Rust

Arrays vs. Slices

  • Arrays have a length known at compile time (this is part of an array’s type signature)
  • Slices use two words of metadata, a data pointer and the length of the slice
    • For this program: 400
    • Here’s the slice in memory: Screen Shot 2022-09-20 at 5.50.15 pm 1.png
    • Green box is the size of the slice (0x1000 == 4096)
    • Red box is the pointer to the underlying data (0x0000FFFFC19C5870)
    • That address contains the u16s in the array: Pasted image 20220920175347.png

Shadowing

Re-bind an immutable identifier without requiring the use of mut:

fn main() {
    let x = 5;
    let x = x + 1;
    let x = x * 2;

    println!("The value of x is: {}", x);
}

Expressions

  • Rust has expressions and statements:
    • expressions return a value based on their operand
    • statements simply return a () type which behaves just like void

Enums

  • Rust supports regular enums:

    enum IpAddr {
      V4,
      V6
    }
    
    IpAddr::V4
    
  • Each enum entry can also have “associated data” that is not necessarily consistent:

    enum IpAddr {
      V4(String),
      V6(String)
    }
    
    IpAddr::V6(String::from("::1"))
    
    enum Message {
      Quit,
      Move { x: i32, y: i32},
      Write(String),
      ChangeColor(i32, i32, i32)
    }
    
    Message::Move { x: 5, y: 6 };
    Message::ChangeColor(255, 255, 0);
    
  • This is almost like each enum variant is a struct-like thing on its own, but it’s also a Message, and so can be passed to anything that expects a Message.

Lifetimes

  • Every reference in Rust has a lifetime. Many of these lifetimes are inferred implicitly, but Rust will complain if it can’t (or if it’s inferred lifetime is wrong in some way).

  • Reference lifetimes aim to prevent dangling references:

    {
      let x;
    
      {
        let y = 15;
        x = &y;
      }
    
      // The value that x points to is out of scope here
      println!("{}", x);
    }
    
  • Rust fails to compile that snippet because it’s possible for x to reference bad memory once y goes out of scope.
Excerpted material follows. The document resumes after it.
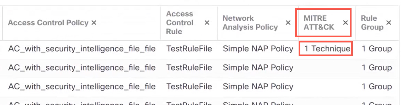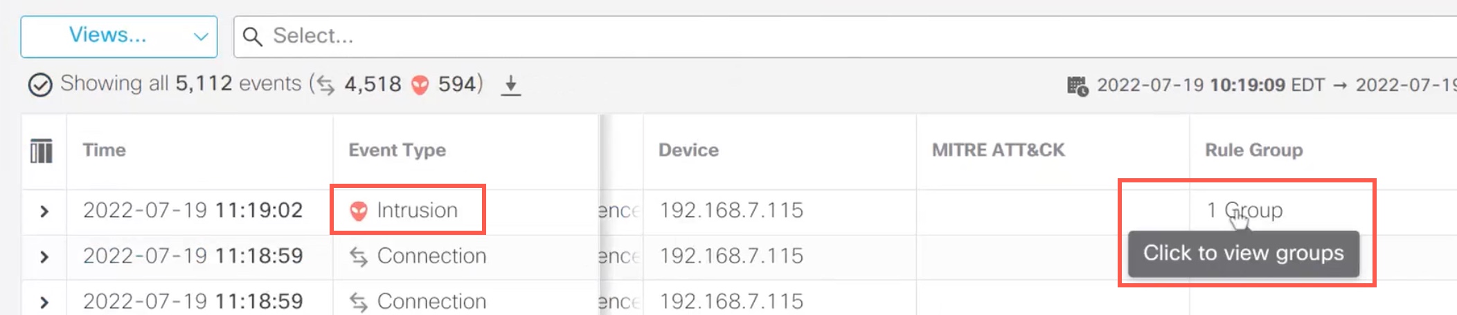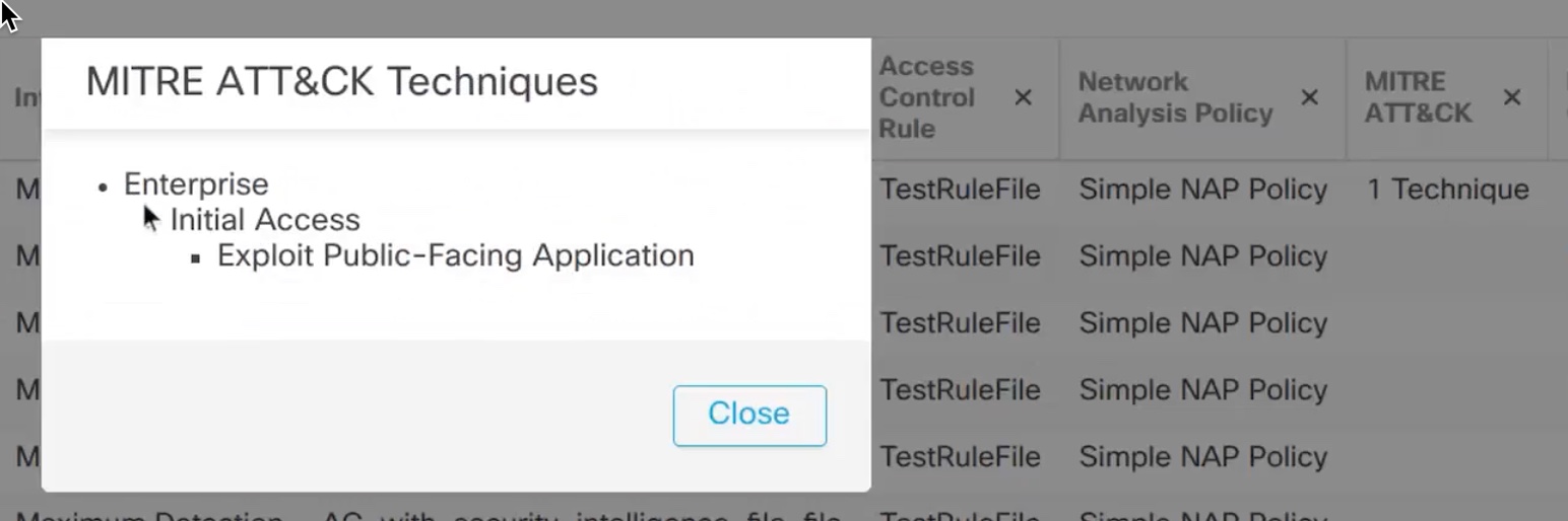 You can view the MITRE ATT&CK techniques and rule groups in the intrusion events on the Classic Event Viewer and Unified Event Viewer pages. Talos provides mappings from Snort rules (GID:SID) to MITRE ATT&CK techniques and rule groups. These mappings are installed as part of the Lightweight Security Package (LSP).
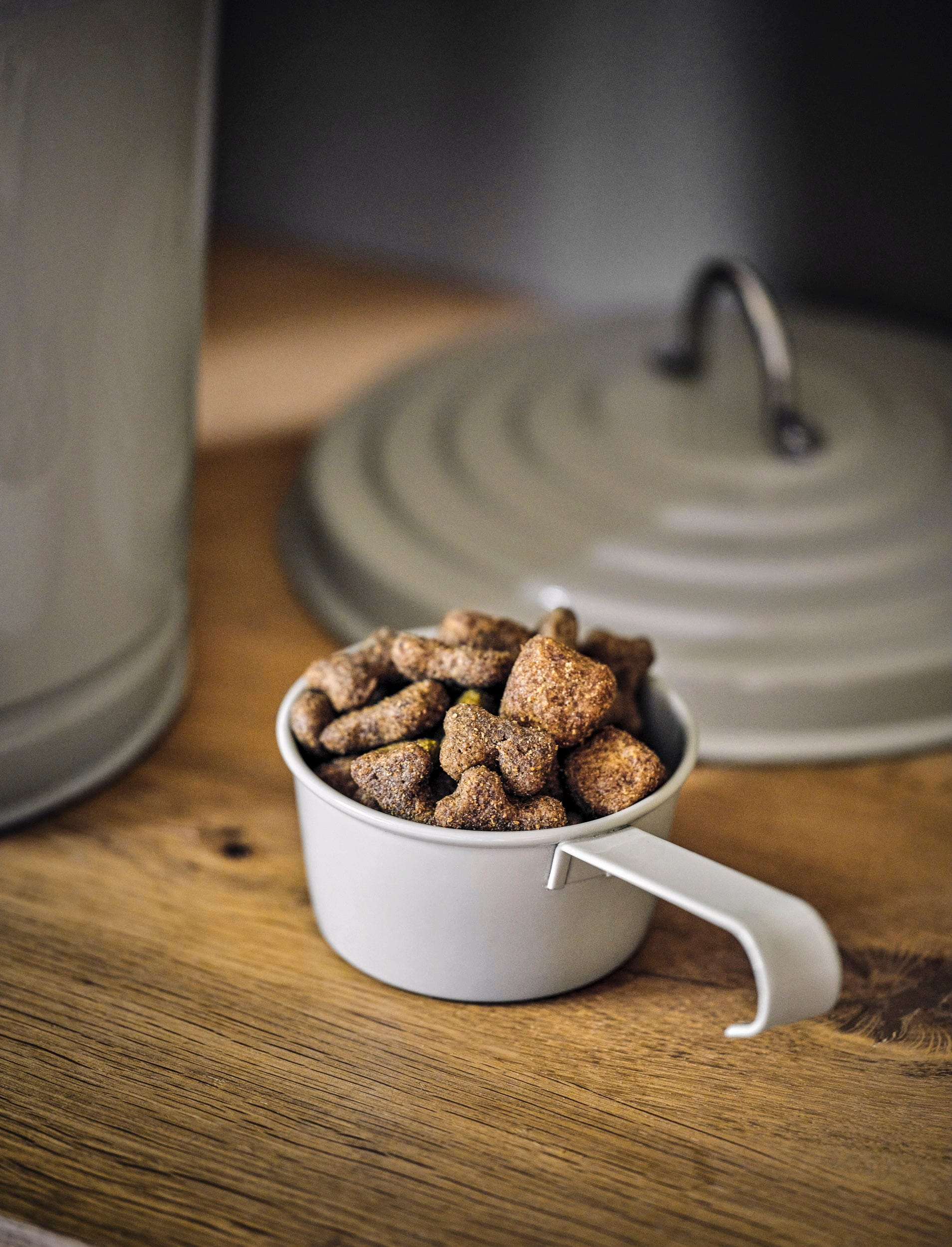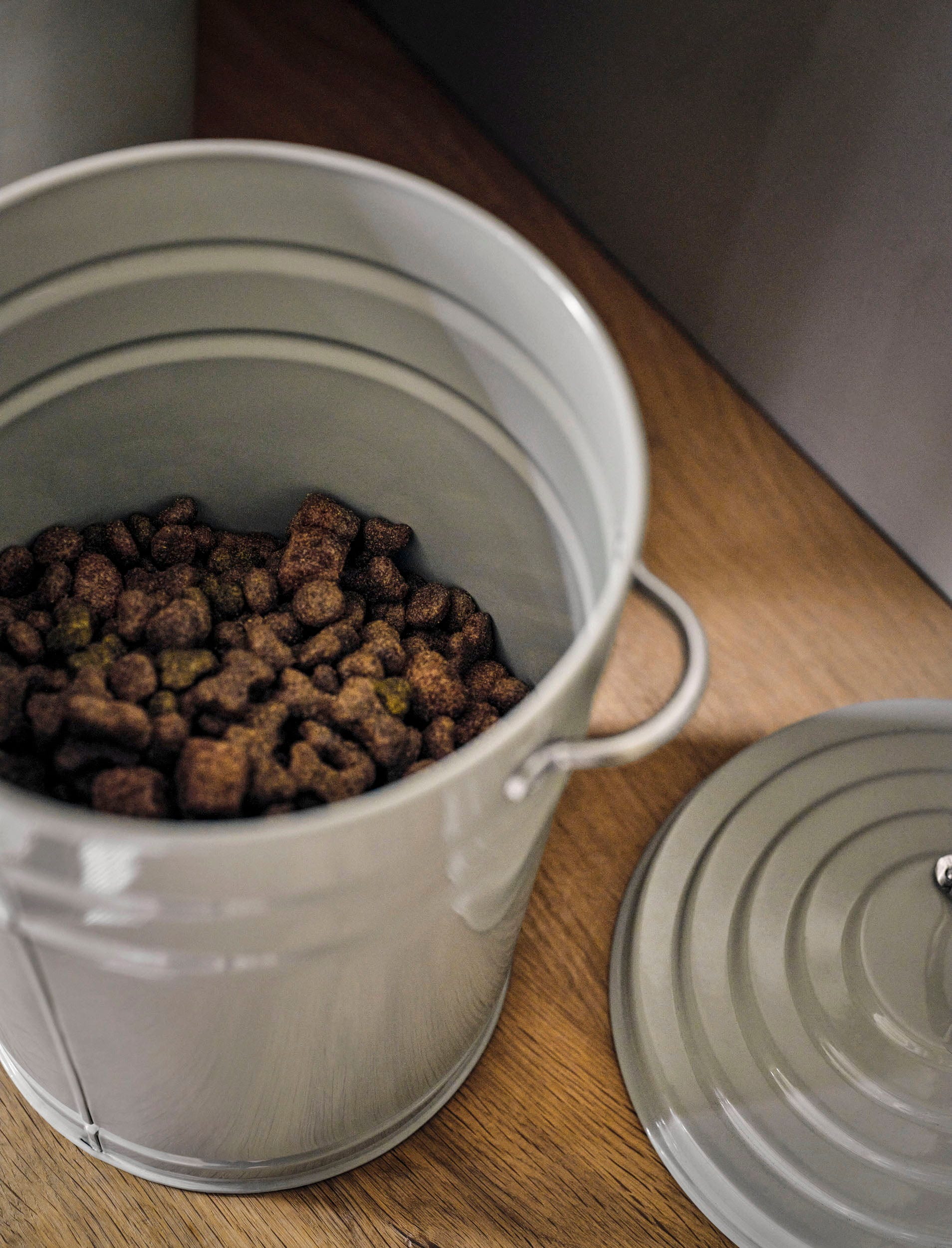 Keep your pet's dry food fresh and flavourful for longer by storing it in this elegant container. It comes with a practical measuring scoop that makes it easy to take out the right amount of food.

  • Rust uses the borrow checker to validate reference lifetimes:

    • If a reference r refers to memory whose lifetime is shorter than its own, this can cause the scenario above.
    • This invariant is essentially what the borrow checker attempts to track.
  • Consider this function:

    fn longest(x: &str, y: &str) -> &str {
      if x.len() > y.len() { x } else { y }
    }
    
    • This code does not compile because the borrow checker doesn’t know the lifetime of the returned reference relative to the references the function receives as arguments.
    • If the returned reference is pointing to memory that x is pointing to, it outlives the owner of that memory, ditto for y.
  • We use lifetime annotations to tell the borrow checker that the arguments and the return value have the same lifetime:

    fn longest(x: &'a str, y: &'a str) -> &'a str {
      if x.len() > y.len() { x } else { y }
    }
    
    • The specific identifier can be any valid Rust identifier, but convention is to use 'a, then 'b, etc. Here, we’re saying that:
      • The function takes two string slices, both of which live at least as long as lifetime 'a.
      • The function returns a string slice, that lives at least as long as lifetime 'a.
      • The returned slice has a lifetime equal to the smaller of the lifetimes of the references passed in.
    • When we pass concrete references in to longest, the concrete lifetime for 'a will be the part of x’s scope that overlaps with y’s scope (the smaller lifetime of the two, essentially).
  • When a function returns a reference, its lifetime parameter must match one of the arguments' lifetime parameters.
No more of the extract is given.